▶ **What is needed**: From the line containing "1861. № 26." to the last line of the data, both included, transcribe each line exactly, leaving out pictures and adding nothing.

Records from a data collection

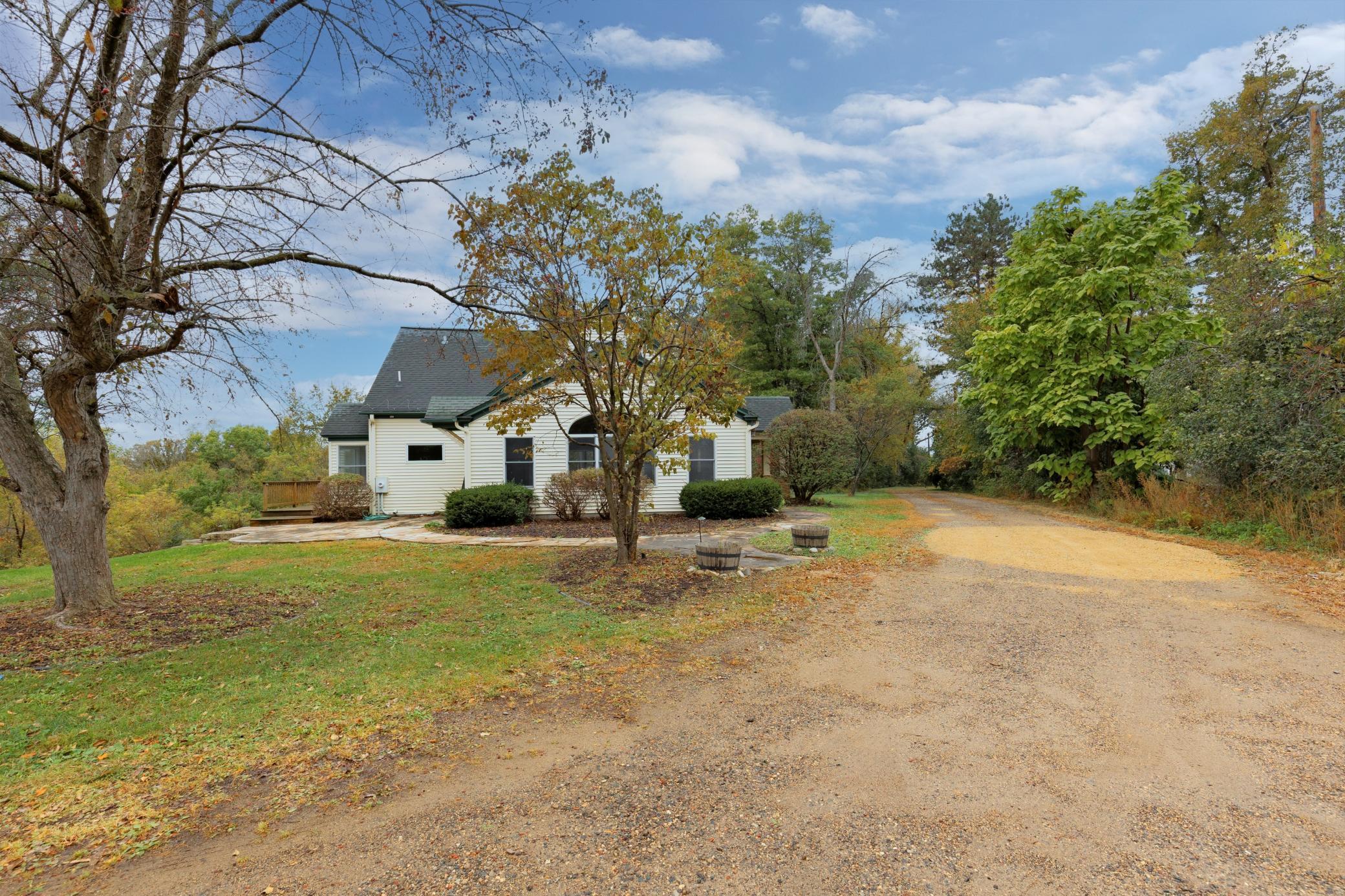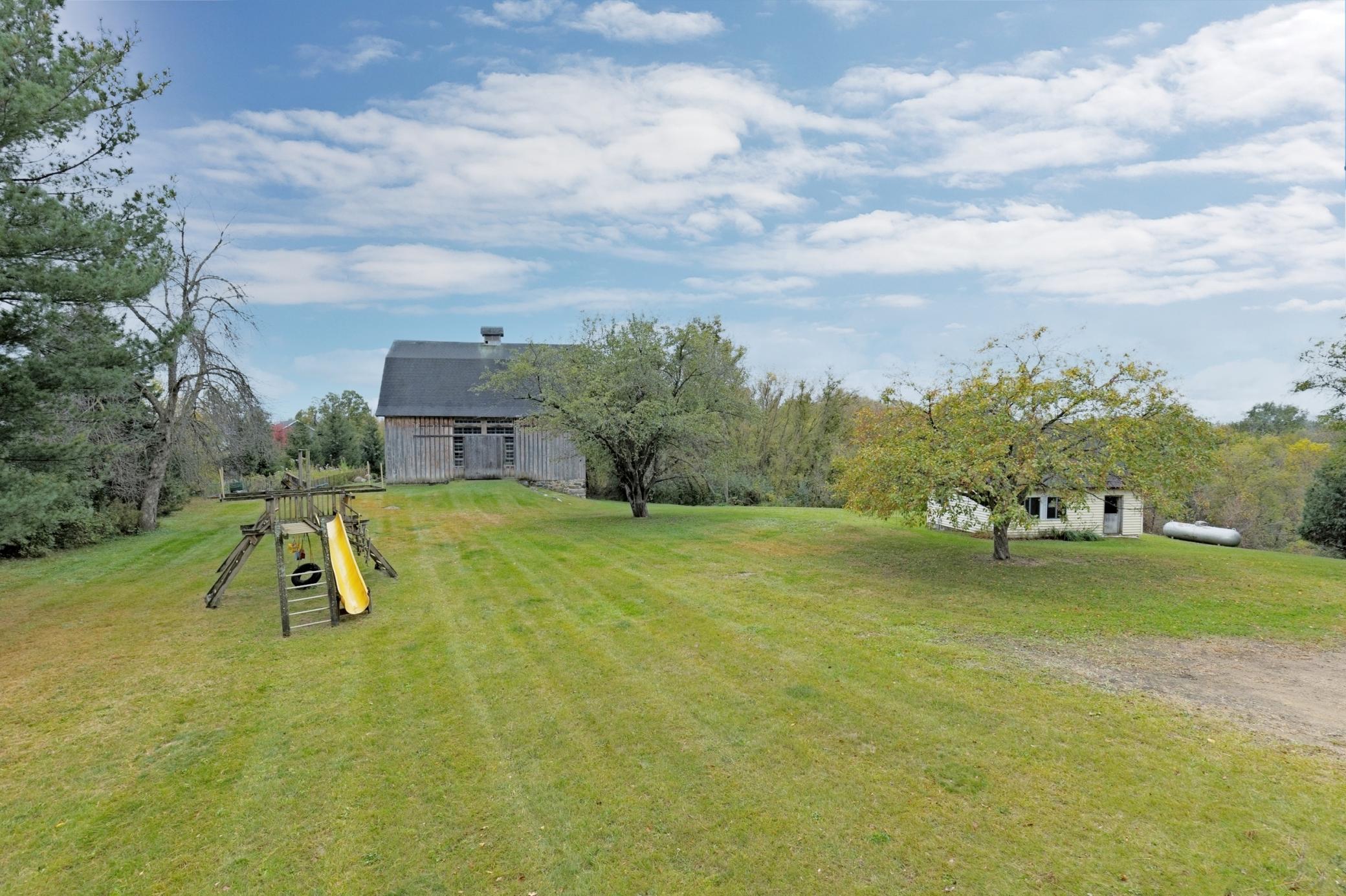 Beautifully updated farmhouse on a totally private 5+ acre setting. Open floor plan, LVP flooring, gourmet kitchen with granite countertops, center island, and high-end stainless steel appliances. Enormous upper-level primary suite. Lower-level walkout is ready to be finished. Fabulous old-world barn with drive-in hay loft and lower level. Large outdoor yard for all your recreational activities. Conveniently located less than 5 minutes to shopping and 10 minutes to Hwy 94.
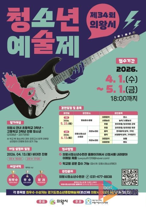 뉴스팍 배상미 기자 | 의왕시청소년재단 산하 의왕시청소년수련관은 지역 청소년의 예술적 재능과 끼 발산의 장인 ‘제34회 의왕시청소년예술제’의 참가자를 5월 1일까지 모집한다고 밝혔다.
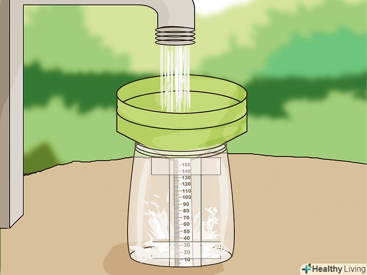 Випробуйте дощемір.якщо у вашій місцевості рідко йдуть дощі в поточний час року, можна перевірити дощемір за допомогою водопровідної води. Просто налийте в дощемір воду і виміряйте її рівень.[25]- У дощовий день можна виставити дощемір під відкрите небо. Простежте, щоб дощемір не закривали дерева та інші перешкоди, які можуть заблокувати дощ. Після дощу перевірте рівень води в банку. Не забудьте виливати воду з банки після кожного вимірювання, щоб отримати точні результати.
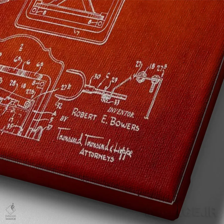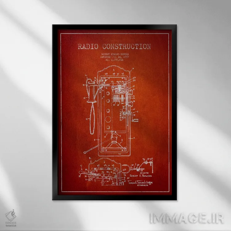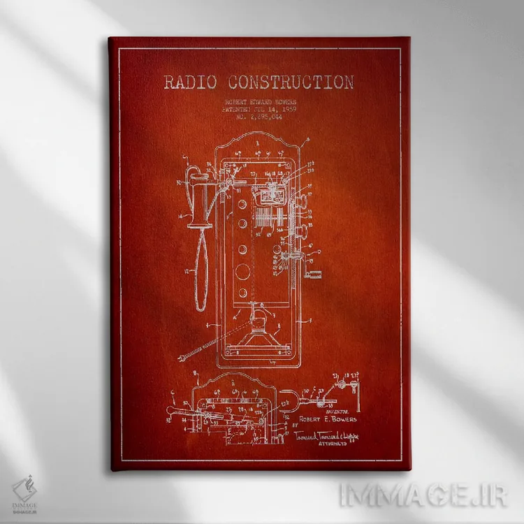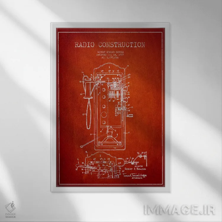 اگر دکور شما کلاسیک/رترو است، «نقشهٔ ثبت اختراع رادیو باوِرز قرمز» اثرِ «پیکسل کهنه (استودیو/نام هنری)» با سبک هنری کاملاًً مینشیند.
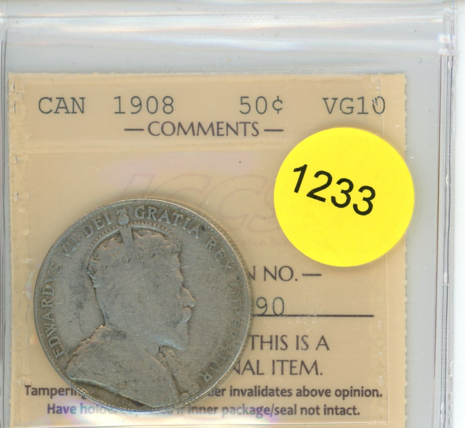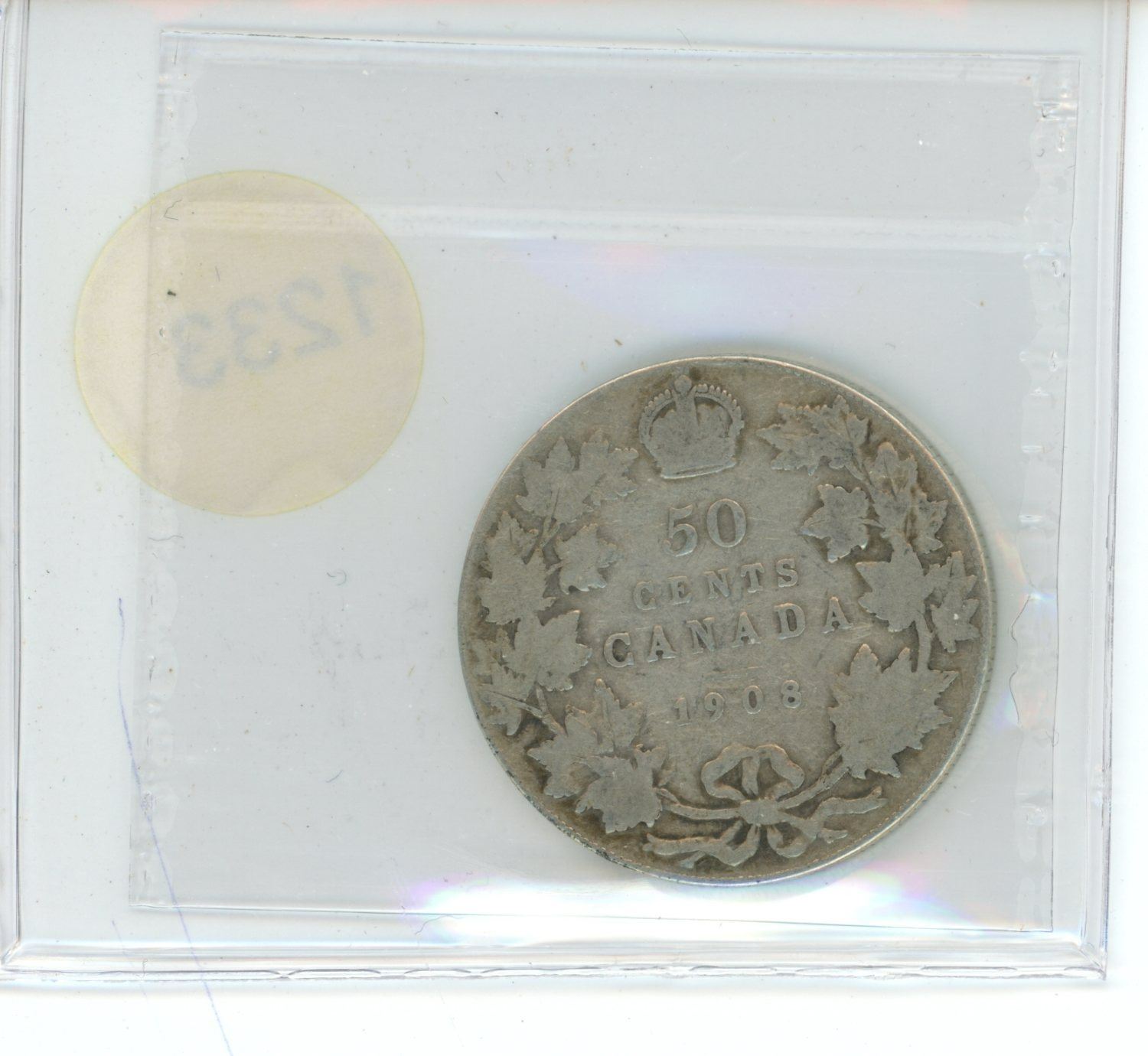 1908 VG10 ICCS Graded Canadian Fifty Cent Coin
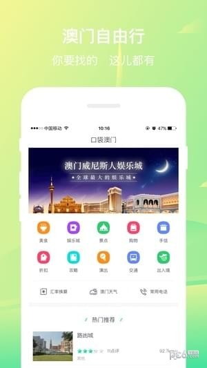 口袋澳门app涵盖澳门所有娱乐城、餐厅、景点、手信店的介绍及地址信息,点击地图即可实时导航。还有大量网友的带图真实点评,好不好玩?好不好吃?大家说了算!
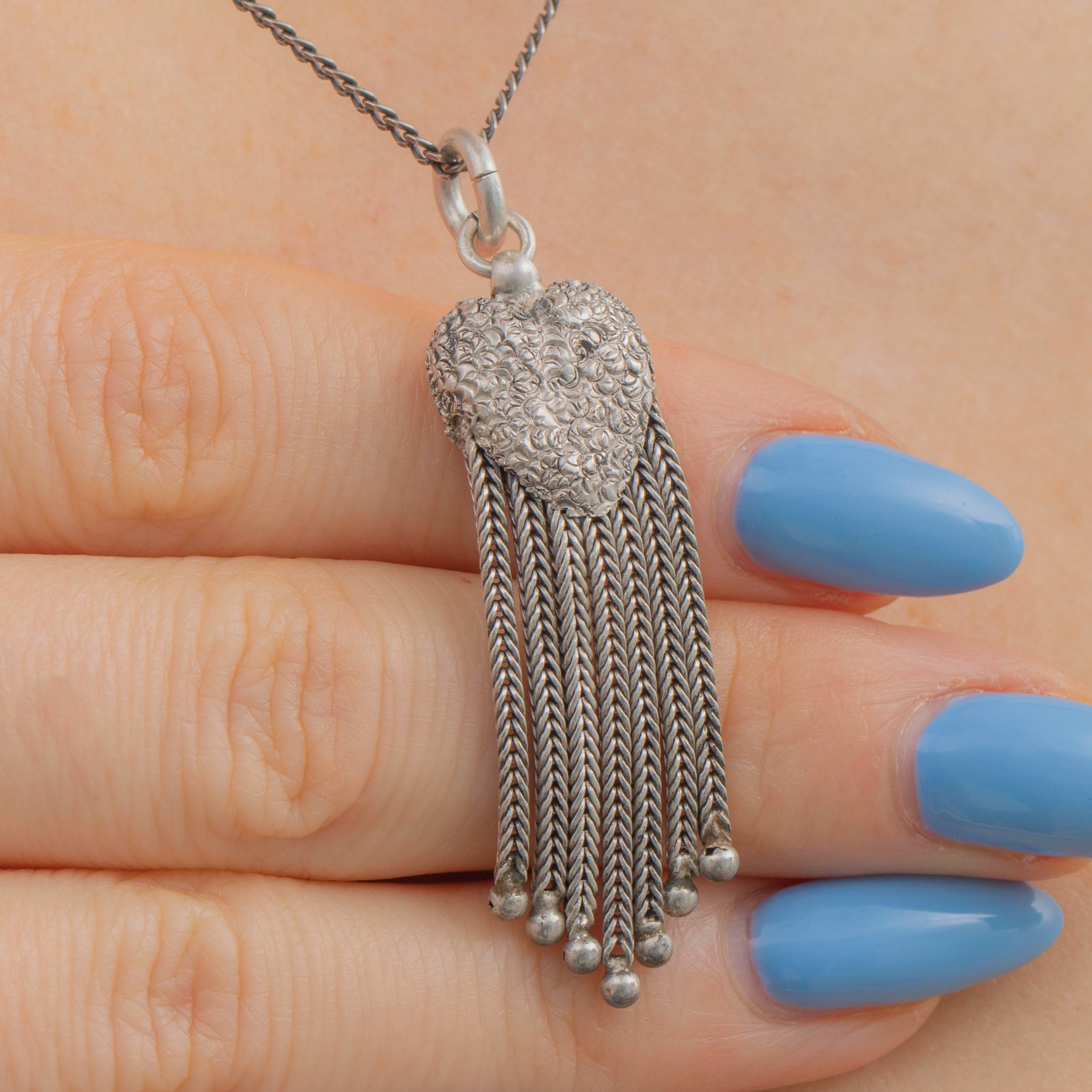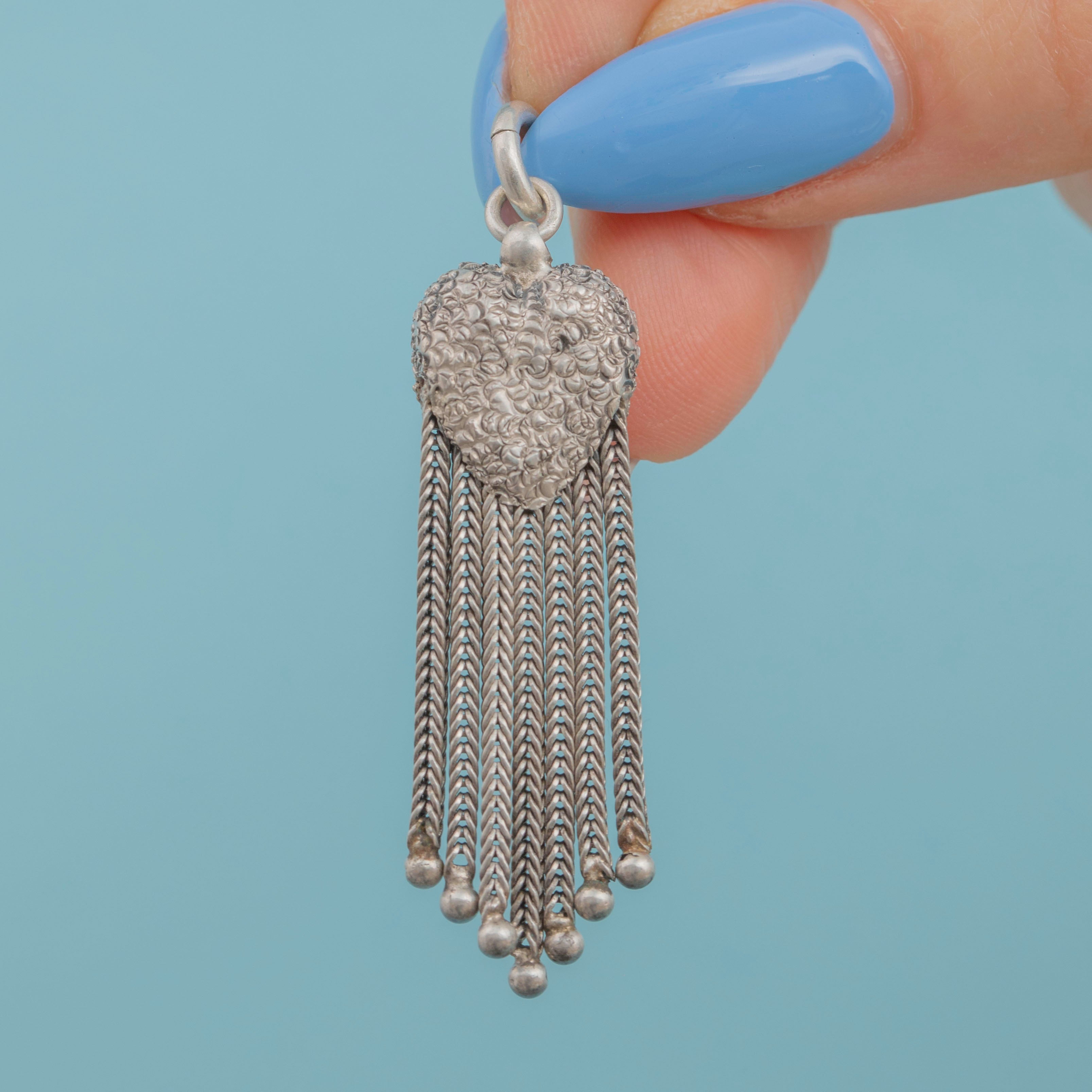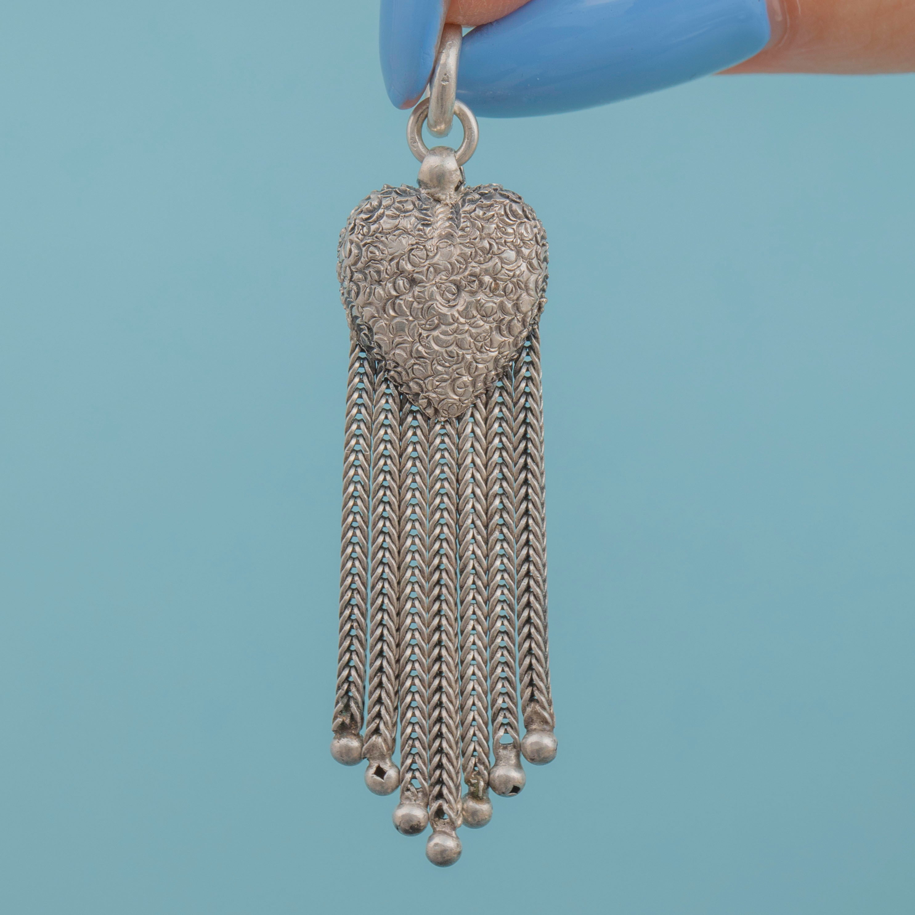 EXCELLENT. This Victorian Silver heart tassel pendant is in superb condition! A light Patina has accrued from age, animating the embossed and engraved details, and giving this piece a fitting moody look. All of the components are original to the piece and secure throughout, promising easy stylish wear.
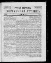 1861. № 26. Июнь: Русский вестник. Современная летопись. - Тип. Каткова и К°, 1861. -32, [4] с.. - Русский вестник выходит ежемесячно; Современная летопись - еженедельно по четвергам. Библиогр. в тексте и подстроч. примеч.. - Экз.: без обл.
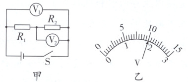 6. 如图甲所示电路,当闭合开关S后,两个电压表指针偏转均为如图乙所示,则电源电压和R₁两端的电压分别为(

▶ **Exercise answer**:
 1861. № 26. Июнь: Русский вестник. Современная летопись. - Тип. Каткова и К°, 1861. -32, [4] с.. - Русский вестник выходит ежемесячно; Современная летопись - еженедельно по четвергам. Библиогр. в тексте и подстроч. примеч.. - Экз.: без обл.
 6. 如图甲所示电路,当闭合开关S后,两个电压表指针偏转均为如图乙所示,则电源电压和R₁两端的电压分别为(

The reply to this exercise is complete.